■ **To do**:
Copy verbatim the block of lines in the entries below whose first line contains "Hybrid approaches combining" and whose last line contains "鸡病专业网独家信息:2026年1月21日皖北地区817-麻鸡行情最新走势". Leave out all other lines.

■ **Data to process**:
┄┄┄┄┄┄┄┄┄┄┄┄┄┄┄┄┄┄┄┄
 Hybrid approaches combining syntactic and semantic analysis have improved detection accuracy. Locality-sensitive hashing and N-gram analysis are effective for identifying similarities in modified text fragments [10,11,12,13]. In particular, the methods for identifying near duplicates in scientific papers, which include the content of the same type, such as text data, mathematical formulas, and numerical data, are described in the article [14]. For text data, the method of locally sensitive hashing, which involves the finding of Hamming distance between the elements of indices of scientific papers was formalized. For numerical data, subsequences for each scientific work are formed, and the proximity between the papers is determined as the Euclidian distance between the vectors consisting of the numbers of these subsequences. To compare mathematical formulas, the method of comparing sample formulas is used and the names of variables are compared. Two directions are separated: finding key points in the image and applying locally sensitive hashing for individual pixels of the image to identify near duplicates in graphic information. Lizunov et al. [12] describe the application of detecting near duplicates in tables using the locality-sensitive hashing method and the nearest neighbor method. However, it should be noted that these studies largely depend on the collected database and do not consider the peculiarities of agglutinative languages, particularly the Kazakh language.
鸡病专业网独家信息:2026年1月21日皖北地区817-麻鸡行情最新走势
┄┄┄┄┄┄┄┄┄┄┄┄┄┄┄┄┄┄┄┄
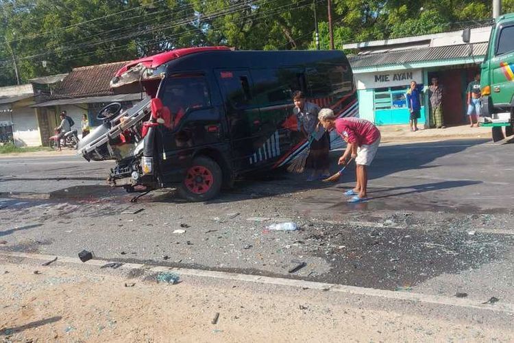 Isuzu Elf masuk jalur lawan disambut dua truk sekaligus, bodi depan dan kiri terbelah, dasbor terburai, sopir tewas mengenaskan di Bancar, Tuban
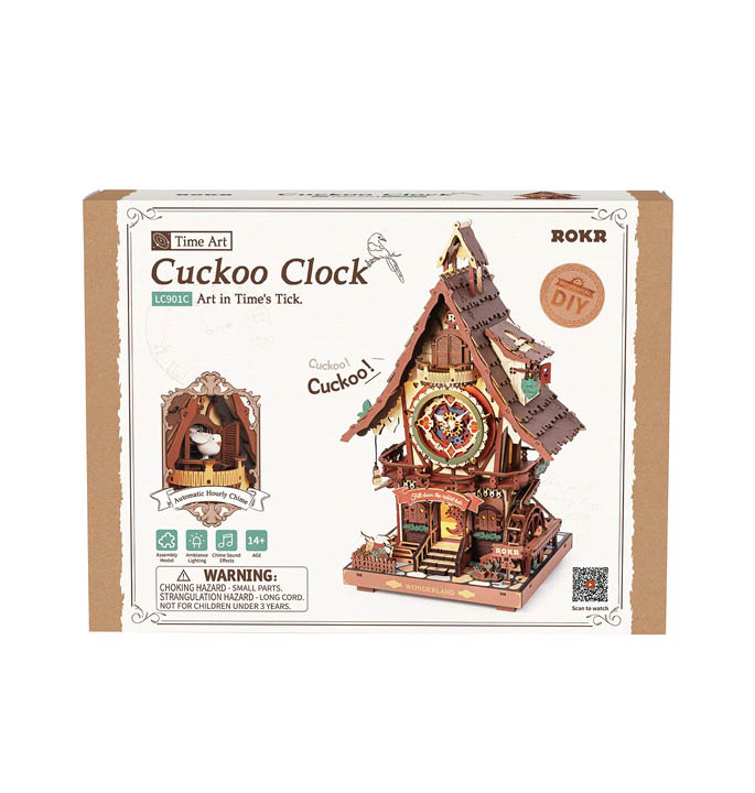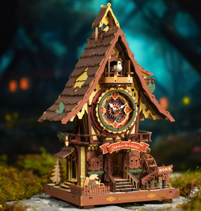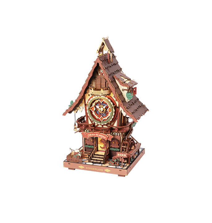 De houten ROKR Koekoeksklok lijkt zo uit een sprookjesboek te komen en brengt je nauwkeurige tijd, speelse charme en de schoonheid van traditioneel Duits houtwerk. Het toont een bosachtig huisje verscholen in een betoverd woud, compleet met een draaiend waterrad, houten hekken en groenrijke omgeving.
┄┄┄┄┄┄┄┄┄┄┄┄┄┄┄┄┄┄┄┄
■ **Written reply**:
 Hybrid approaches combining syntactic and semantic analysis have improved detection accuracy. Locality-sensitive hashing and N-gram analysis are effective for identifying similarities in modified text fragments [10,11,12,13]. In particular, the methods for identifying near duplicates in scientific papers, which include the content of the same type, such as text data, mathematical formulas, and numerical data, are described in the article [14]. For text data, the method of locally sensitive hashing, which involves the finding of Hamming distance between the elements of indices of scientific papers was formalized. For numerical data, subsequences for each scientific work are formed, and the proximity between the papers is determined as the Euclidian distance between the vectors consisting of the numbers of these subsequences. To compare mathematical formulas, the method of comparing sample formulas is used and the names of variables are compared. Two directions are separated: finding key points in the image and applying locally sensitive hashing for individual pixels of the image to identify near duplicates in graphic information. Lizunov et al. [12] describe the application of detecting near duplicates in tables using the locality-sensitive hashing method and the nearest neighbor method. However, it should be noted that these studies largely depend on the collected database and do not consider the peculiarities of agglutinative languages, particularly the Kazakh language.
鸡病专业网独家信息:2026年1月21日皖北地区817-麻鸡行情最新走势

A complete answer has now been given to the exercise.